Tree-NeRV: A Tree-Structured Neural Representation for Efficient Non-Uniform Video Encoding
Jiancheng Zhao, Yifan Zhan, Qingtian Zhu, Mingze Ma, Muyao Niu, Zunian Wan, Xiang Ji, Yinqiang Zheng
TL;DR
Tree-NeRV tackles the inefficiency of uniform temporal sampling in implicit neural video representations by introducing a Binary Search Tree (BST)-based tree-structured feature grid that enables non-uniform, adaptive sampling along the video timeline. An optimization-driven training strategy grows the tree to allocate more samples to high-variation regions, while AVL balancing maintains efficient queries. The method couples a BST-based time embedding with cascaded NeRV blocks, achieving state-of-the-art reconstruction quality and competitive RD performance across standard datasets, along with faster encoding/decoding relative to several baselines. Empirically, Tree-NeRV delivers notable PSNR gains, aligns sampling with temporal dynamics, and maintains practical encoding/decoding efficiency, with potential for further improvements via pruning strategies in future work.
Abstract
Implicit Neural Representations for Videos (NeRV) have emerged as a powerful paradigm for video representation, enabling direct mappings from frame indices to video frames.
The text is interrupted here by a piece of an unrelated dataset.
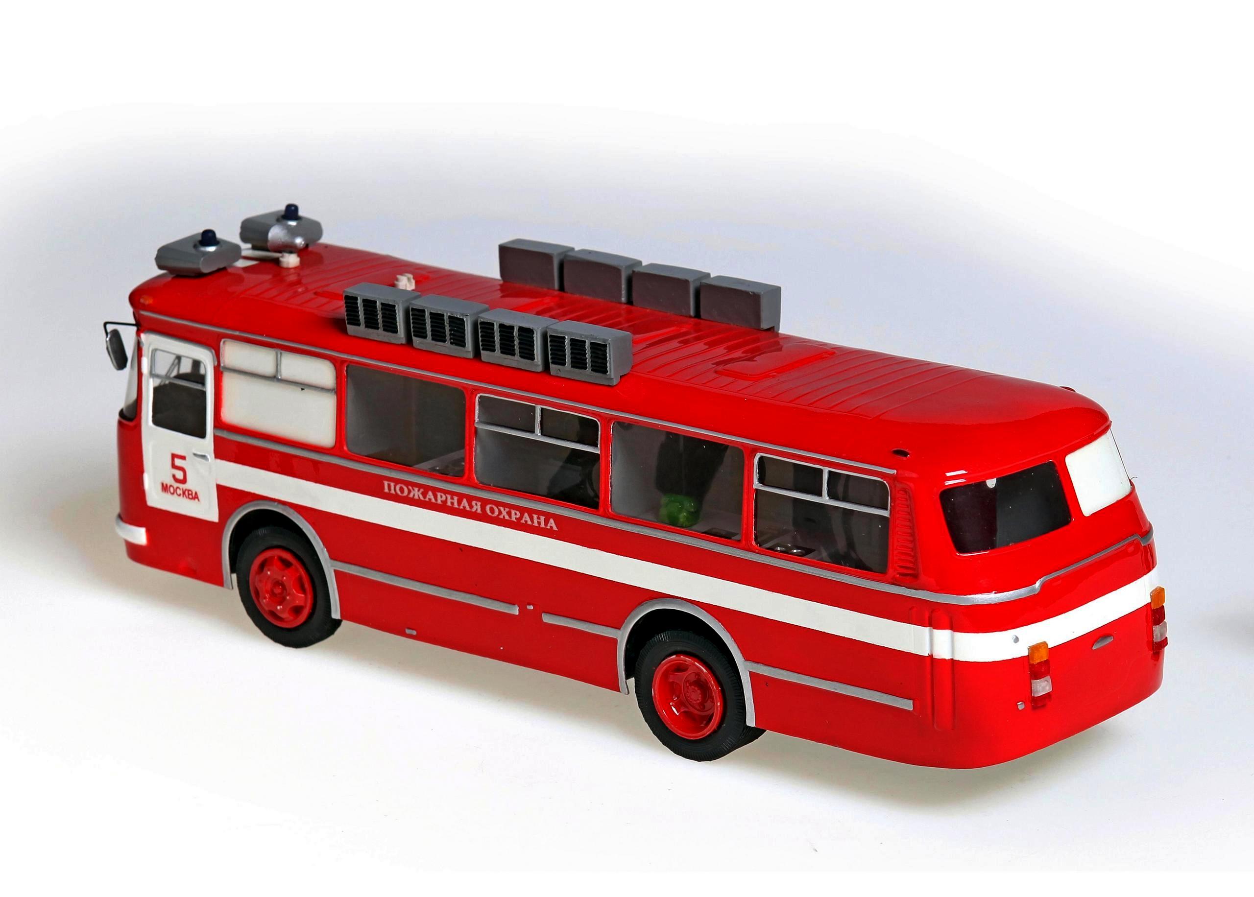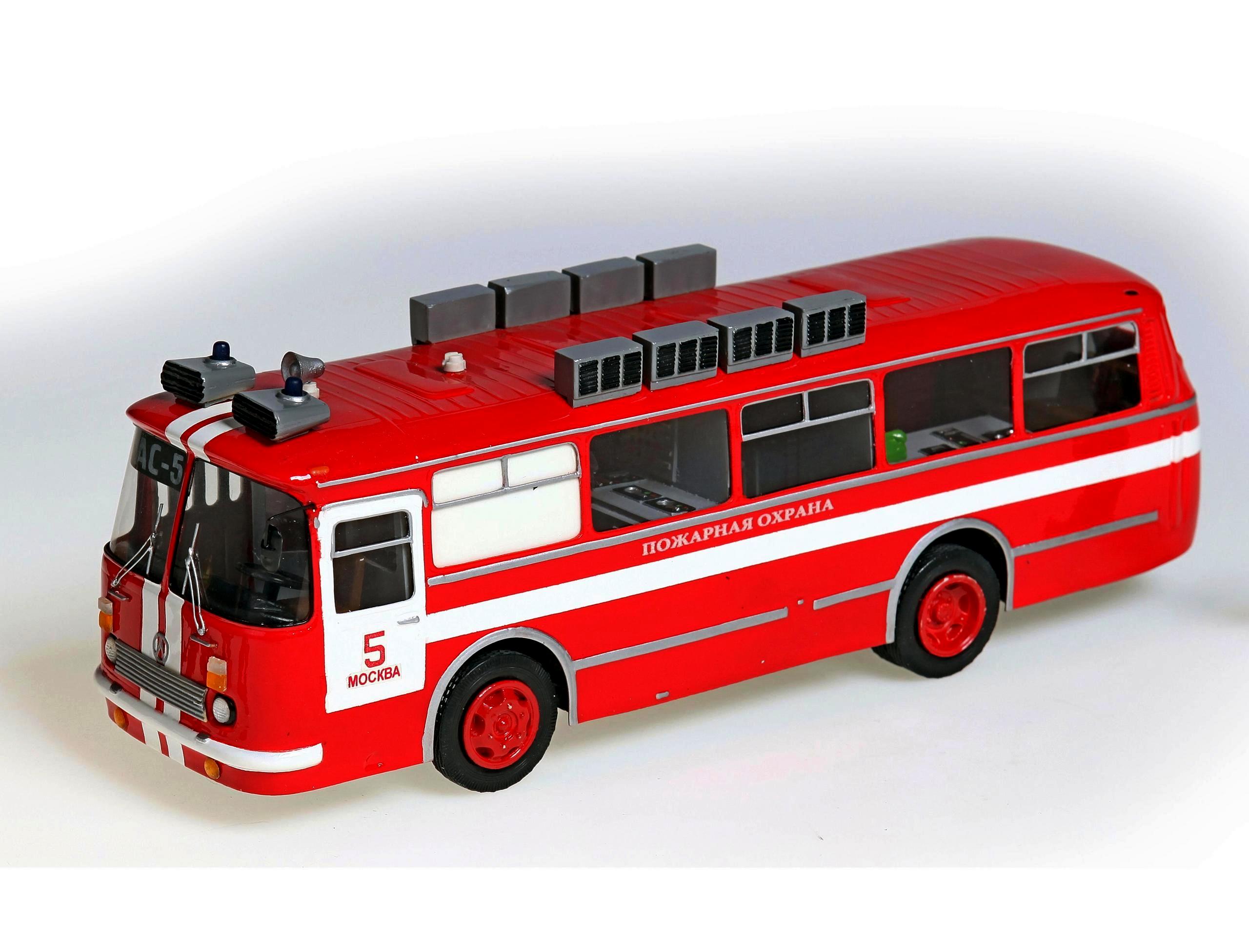 АС-5 пожарный автомобиль связи и штаба пожаротушения на базе автобуса общего назначения ЛАЗ-695Н "Львов" 4х2, три отсека, дверей 2 плюс 1 для водителя, полный вес до 11.63 тонн, максимальная скорость до 86 км/час.

However, existing NeRV-based methods do not fully exploit temporal redundancy, as they rely on uniform sampling along the temporal axis, leading to suboptimal rate-distortion (RD) performance. To address this limitation, we propose Tree-NeRV, a novel tree-structured feature representation for efficient and adaptive video encoding. Unlike conventional approaches, Tree-NeRV organizes feature representations within a Binary Search Tree (BST), enabling non-uniform sampling along the temporal axis. Additionally, we introduce an optimization-driven sampling strategy, dynamically allocating higher sampling density to regions with greater temporal variation. Extensive experiments demonstrate that Tree-NeRV achieves superior compression efficiency and reconstruction quality, outperforming prior uniform sampling-based methods. Code will be released.